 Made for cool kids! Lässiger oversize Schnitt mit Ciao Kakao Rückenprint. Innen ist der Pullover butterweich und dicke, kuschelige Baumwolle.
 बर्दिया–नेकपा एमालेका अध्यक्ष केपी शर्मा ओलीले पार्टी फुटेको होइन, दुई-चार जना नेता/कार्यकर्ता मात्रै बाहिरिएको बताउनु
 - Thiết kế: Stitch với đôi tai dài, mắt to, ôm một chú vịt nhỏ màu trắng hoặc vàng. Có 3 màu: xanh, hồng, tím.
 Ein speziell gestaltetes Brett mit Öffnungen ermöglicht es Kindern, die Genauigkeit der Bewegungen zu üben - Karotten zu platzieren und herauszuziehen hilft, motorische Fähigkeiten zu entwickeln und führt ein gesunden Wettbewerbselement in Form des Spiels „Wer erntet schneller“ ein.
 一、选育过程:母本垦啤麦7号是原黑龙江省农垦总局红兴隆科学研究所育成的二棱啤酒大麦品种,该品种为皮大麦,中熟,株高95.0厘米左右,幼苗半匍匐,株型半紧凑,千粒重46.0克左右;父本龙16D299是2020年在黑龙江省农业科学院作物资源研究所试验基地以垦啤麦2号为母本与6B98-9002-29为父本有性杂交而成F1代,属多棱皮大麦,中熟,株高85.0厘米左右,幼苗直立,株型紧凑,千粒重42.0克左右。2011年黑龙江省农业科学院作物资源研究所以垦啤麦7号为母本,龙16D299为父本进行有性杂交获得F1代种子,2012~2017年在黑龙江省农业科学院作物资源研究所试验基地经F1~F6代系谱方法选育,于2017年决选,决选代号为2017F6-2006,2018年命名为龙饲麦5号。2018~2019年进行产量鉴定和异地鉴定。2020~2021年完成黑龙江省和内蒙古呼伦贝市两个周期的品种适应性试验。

★ ★ ★

* _GOAL OF THE EXERCISE_:
Output the material verbatim.

* _EXERCISE SOLUTION_:
 Made for cool kids! Lässiger oversize Schnitt mit Ciao Kakao Rückenprint. Innen ist der Pullover butterweich und dicke, kuschelige Baumwolle.
 बर्दिया–नेकपा एमालेका अध्यक्ष केपी शर्मा ओलीले पार्टी फुटेको होइन, दुई-चार जना नेता/कार्यकर्ता मात्रै बाहिरिएको बताउनु
 - Thiết kế: Stitch với đôi tai dài, mắt to, ôm một chú vịt nhỏ màu trắng hoặc vàng. Có 3 màu: xanh, hồng, tím.
 Ein speziell gestaltetes Brett mit Öffnungen ermöglicht es Kindern, die Genauigkeit der Bewegungen zu üben - Karotten zu platzieren und herauszuziehen hilft, motorische Fähigkeiten zu entwickeln und führt ein gesunden Wettbewerbselement in Form des Spiels „Wer erntet schneller“ ein.
 一、选育过程:母本垦啤麦7号是原黑龙江省农垦总局红兴隆科学研究所育成的二棱啤酒大麦品种,该品种为皮大麦,中熟,株高95.0厘米左右,幼苗半匍匐,株型半紧凑,千粒重46.0克左右;父本龙16D299是2020年在黑龙江省农业科学院作物资源研究所试验基地以垦啤麦2号为母本与6B98-9002-29为父本有性杂交而成F1代,属多棱皮大麦,中熟,株高85.0厘米左右,幼苗直立,株型紧凑,千粒重42.0克左右。2011年黑龙江省农业科学院作物资源研究所以垦啤麦7号为母本,龙16D299为父本进行有性杂交获得F1代种子,2012~2017年在黑龙江省农业科学院作物资源研究所试验基地经F1~F6代系谱方法选育,于2017年决选,决选代号为2017F6-2006,2018年命名为龙饲麦5号。2018~2019年进行产量鉴定和异地鉴定。2020~2021年完成黑龙江省和内蒙古呼伦贝市两个周期的品种适应性试验。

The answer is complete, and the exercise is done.